Something happened to S in an alleyway, and it wasn’t anything good. S has a lot to say, about almost anything except what happened, as the voluminous correspondence with her former lover J that makes up the thrilling anti-novel Saint 1001 demonstrates. And speaking of demonstrations, Daphne Gottlieb, in her author biography, says that she “stitches together the ivory tower and the gutter,” which she absolutely does. The letters S writes about the many casual encounters she has are stitched together from endless, dizzying quotes. Everything from scholarly discussions of James Joyce to this bit from the 1968 version of Herbie the Love Bug— “Come on, big guy. Let’s go for a ride. Let’s cruise”—tell of a life lived both in the body and constituted by language.
“You think you wrote a book about sex; you wrote a book about PTSD!” Gottlieb’s former roommate told her about Saint 1001, and it’s true. Post-traumatic stress disorder can lead to everything from extreme promiscuity, which S practices through the mechanism of pre-OkCupid/pre-Tinder text-only online ads, to extreme dissociation, but this is not a tell-all. “The one question I think I’m not going to answer around this book,” Gottlieb said, is “‘Is it real? How much of this is real?’” What is real about Saints 1001 is that we are all made out of culture, whether it’s movies or books or lyrics or the most lurid of “news” articles, and S’s many letters over the years to distant J, letters that seemingly go unanswered, are made of all these real things, things that make all of us real.
Then there’s the pet lime. Scurvy Dawg’s fanciful adventures are crowdsourced by S’s friends in the book. The many pictures of his (yes, his!) life in the book were crowdsourced by Daphne Gottlieb’s friends. Full disclosure: I and my then four-year-old son created an image of the lime being squashed by a judge’s gavel. You see, after attending a Devo concert and playing tennis, Scurvy Dawg went to court and changed his name to Henry. The story of Henry—a name which appears throughout the book—also involves a relationship with an egg-timer named Lola, their eventual engagement, and on a parallel track, material about serial killer Henry Lee Lucas and a girl in trouble and then a series of foreboding redactions of text. Reality is both beside the point and too terrible to fully perceive, let alone comprehend.
S’s dizzying array of lovers includes those who learned their tastes from porn, those who want a mommy, those who leave quickly and those who wish to stay the night. Then there’s Flyover, the Mormon who never had a blowjob, whose wife would never wear a thong. He lasts a little longer, but then we are back to the men and their dick pics, as represented by line drawings of snowmen, the state of Florida. And there’s coming as well, such as every instance of the word “came” in the Book of Genesis, save as a footnote tells us, the letters c-a-m-e as they appear in words such as “camel.”
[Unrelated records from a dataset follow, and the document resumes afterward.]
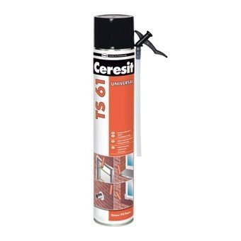 Об'єм: 300 мл. Температура застосування: від +5 до +25 °C. Монтажна піна універсальна Ceresit TS 61 Стандарт 300 мл - підходить для нерівних поверхонь, добре заповнює порожнечі.
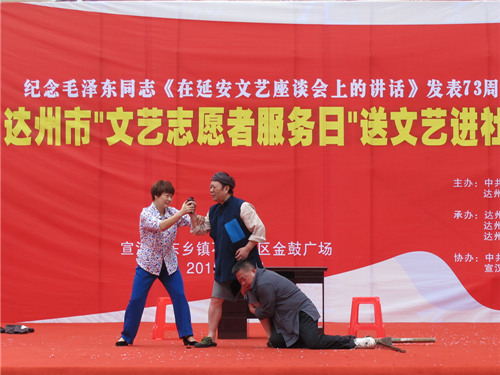 伴随着一阵阵欢快的锣鼓声,记者快步来到广场,仔细一打听,原来是为隆重纪念毛泽东同志《在延安文艺座谈会上的讲话》发表73周年,由中共达州市委宣传部、达州市文联主办,达州市戏剧家协会、达州市美术家协会、达州市书法家协会承办,宣汉县委宣传部、宣汉县文联协办的“达州市文联文艺志愿服务队送戏到社区”的演出即将在这里举行。
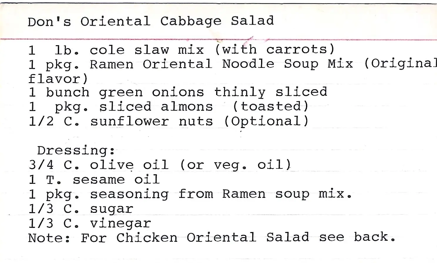 - Break up the block of uncooked Ramen noodles and add them to the salad.
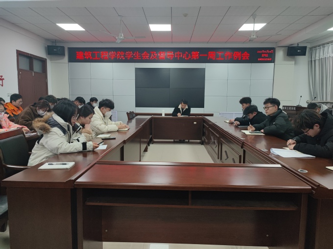 为了更好的开展新学期各项工作,促进各部门之间的交流合作。 2月25日,建筑工程学院学生会及督导中心第一周工作例会在学院会议室召开。学生科长董志强和学生会及督导中心成员参加了本次会议。
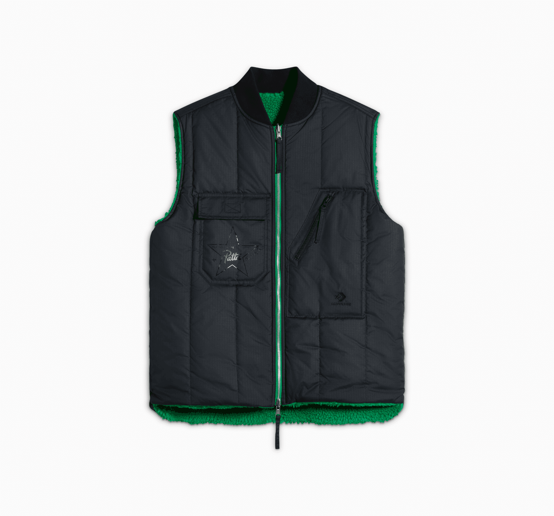 Amsterdam’s Patta marks two decades of being a curated streetwear brand with a limited-edition reversible vest. The celebratory design combines iconic Chuck Taylor elements with bold Patta patches stitched across the back.
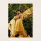 Uma fada querido em amarelo descansa num campo de margaridas florestais.
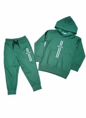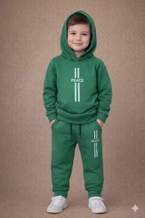 Peace Unisex Kids Winter Set – Green Hoodie Outfit For Boys
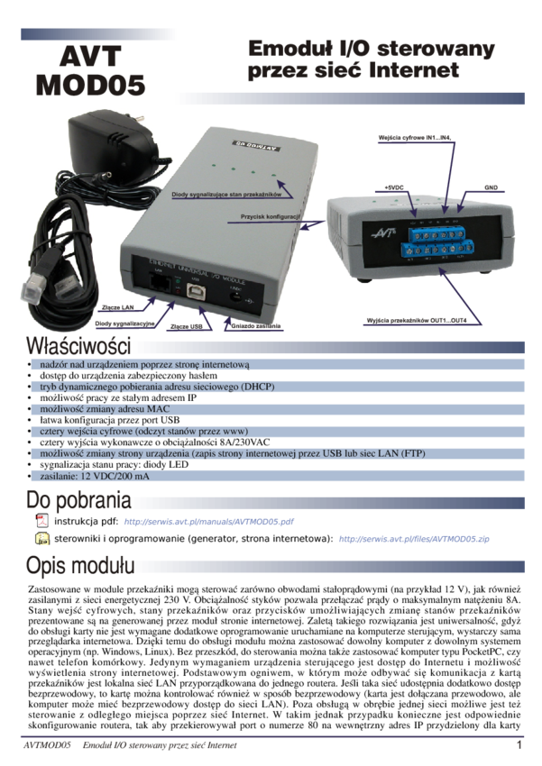 AVTMOD05 Emoduł I/O sterowany przez internet

One might think this sort of fancydancing would be alienating, the opposite of the earnest selfsploitation that so much writing about sex and the internet is these days. And you would be half-right. The book is not alienating at all: it’s not a puzzle, not a set of distractions, not the metatextual game of looking for the Hitchcock cameo in his films as a pressure valve from the suspense of the text. The artistry of the construction of the story from more than a thousand quotations and citations is immersive rather than estranging. You, reader, won’t know everything being cited, but you’ll know enough. You will have dissected a frog, or filled out a survey, or recalled a lyric from a song. The contents of your brain, just from being alive and literate in the late twentieth and early twenty-first century, are already in the book, in the life and mouth and brain and missives of S.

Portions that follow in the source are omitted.